The Tribunal erred in not approaching its task in this way.
73 In assessing the seriousness of the appellant's criminal offending, the Tribunal was obliged to take into account the effect of paragraph 8.1.1(1)(a) of Direction 90: namely, that the Australian Government and the Australian community consider sexual crimes to be very serious. Doing so did not relieve the Tribunal of the obligation conferred upon it by paragraph 8.1(2) of Direction 90: the Tribunal remained separately obliged to consider for itself the seriousness of the appellant's offending and to bring that assessment - informed by the statement of executive policy for which paragraph 8.1.1(1)(a) stands - to bear upon its decision making. At issue presently is whether it did so; or whether, as the appellant submits, it simply "…treated the task at cl 8.1(2)(a) as though it was to be determined by an application of cl 8.1.1(1)".
74 The appellant's contention is not pitched at the level of legal unreasonableness. Nonetheless, he maintains that the Tribunal should be understood to have misconstrued paragraph 8.1 in the way that he alleges because, objectively, there is no other way that it might have formed the view that his offending was "very serious". That conclusion, he says, was not open in light of the nature of his offending and the sanctions that his guilty plea attracted.
75 Contrary to what the appellant submits, the Tribunal's conclusion that the appellant's offending was "very serious" was not a mere or automatic restatement of what is recorded in s 8.1.1(1) of Direction 90. It is to be recalled that the Tribunal reasoned as follows (references omitted):
The [appellant's] 'other conduct' encompasses past attempts to apportion blame on his victim. This includes during a 2017 police interview and in a Statutory Declaration dated 17 June 2020. He continued to advance the withdrawn consent narrative during a consultation with Mr Cummins in November 2021, and when cavilling about consent at the present hearing.
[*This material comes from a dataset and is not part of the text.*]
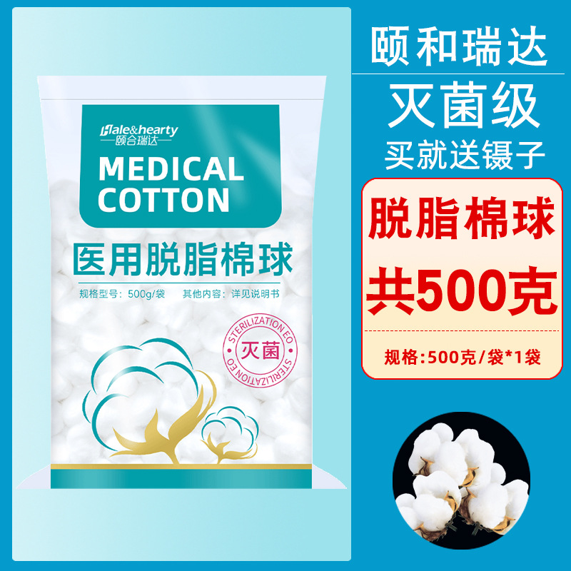 醫用棉球醫藥無菌蘸酒精碘伏傷口消毒止血藥棉500g衛生棉花球脫脂
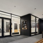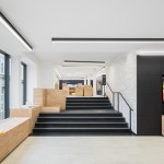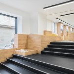 The colour and material concept revolves around a light-dark contrast and natural colours. The anthracite-coloured corporate wall surrounding the space is a design element that establishes the space’s identity and connects the individual zones together. At the same time, it offers additional uses by providing room for shelves, noticeboards, displays, window displays and storage space as well as functioning as an acoustic barrier. This, in combination with oak furniture, bright flooring and a white suspended ceiling, creates a friendly, modern atmosphere. The colours are reversed in the staircase area, making the backlit line art with motifs of the city of Schwäbisch Hall fully come alive. Multimedia screens, digital panels and high-quality photographic images are placed throughout the entire space and complete the image of the city.

The Tribunal is satisfied the [appellant] has provided false or misleading information to the Department about his offending.
76 A footnote attached to the reference to the appellant's "other conduct" referred broadly to paragraph 8.1.1 of Direction 90. The sentence noting that the appellant had "…provided false or misleading information...about his offending" concluded with a footnote that referred to paragraph 8.1.1(1)(f) of Direction 90. Immediately thereafter, the Tribunal recorded its conclusion that "…the totality of the [appellant]'s offending and other conduct is very serious."
77 It is clear that the Tribunal's assessment of the seriousness of the appellant's offending traversed beyond the fact recorded in paragraph 8.1.1(1)(a): namely, that the Australian Government and community regard sexual crimes as very serious. En route to its conclusion, the Tribunal took account of other matters, including some of which it was required to take account by paragraph 8.1.1(1) of Direction 90.
78 Moreover, it was open to the Tribunal to assess the appellant's offending as "very serious" notwithstanding that it attracted a sanction at the low end of what sexual assault might otherwise attract. The sanction meted out to the appellant was one of many considerations by which an assessment of the seriousness of his offending was properly open to be made. Others included the appellant's "past attempts to apportion blame on his victim" and the fact that he "provided false or misleading information…about his offending" (above, [47]), both of which spoke to the appellant's remorse for and insight into his conduct.
79 The Tribunal's assessment of the seriousness of the appellant's offending was made consistently with the requirements of paragraph 8.1 of Direction 90. The misconstruction or misapplication of which he complains did not occur and the learned primary judge did not err by concluding as much. The appellant's fourth ground of appeal must fail.